WORK INSTRUCTIONS —
The lines to be copied are those below that contain "bomberos".

DATA EXTRACT —
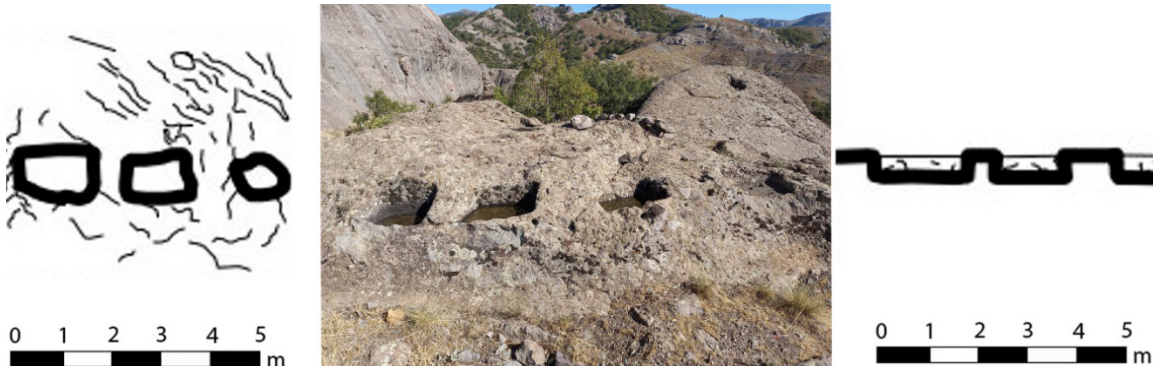
Şekil 5: Masumu-Pak Kalesi Açık Hava Tapınağı
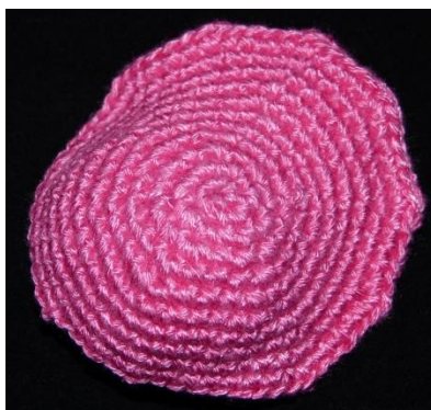
velký lístek (líc)
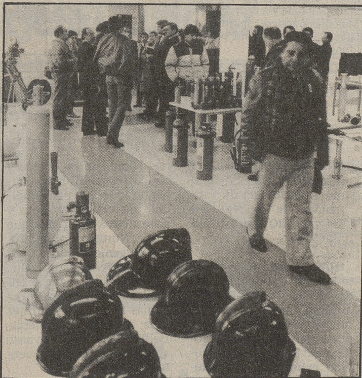
El Centro de Investigación del Fuego, de ITSEMAP, visitado por los bomberos iberoamericanos.

El Congreso Iberoamericano de Bomberos finaliza hoy en la capital de España, con una exhibición a cargo de bomberos madrileños.
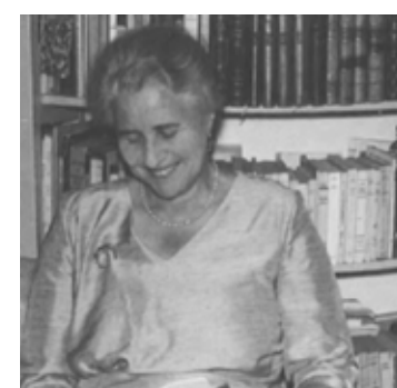
Een foto uit de jaren vijftig.

steeds gelezen en van al die anderen niet. Wel is het zo dat Kitty voortborduurde op het patroon van de schrijfster uit de generatie voor haar en dat zou een reden kunnen zijn. Ze zou de aansluiting met de moderne tijd gemist hebben, wat we hier ook onder moeten verstaan. Wie weet bent u nieuwsgierig geworden en gaat u na lezing van dit artikel op zoek naar een

SOLUTION FOR THIS EXERCISE —
El Centro de Investigación del Fuego, de ITSEMAP, visitado por los bomberos iberoamericanos.
El Congreso Iberoamericano de Bomberos finaliza hoy en la capital de España, con una exhibición a cargo de bomberos madrileños.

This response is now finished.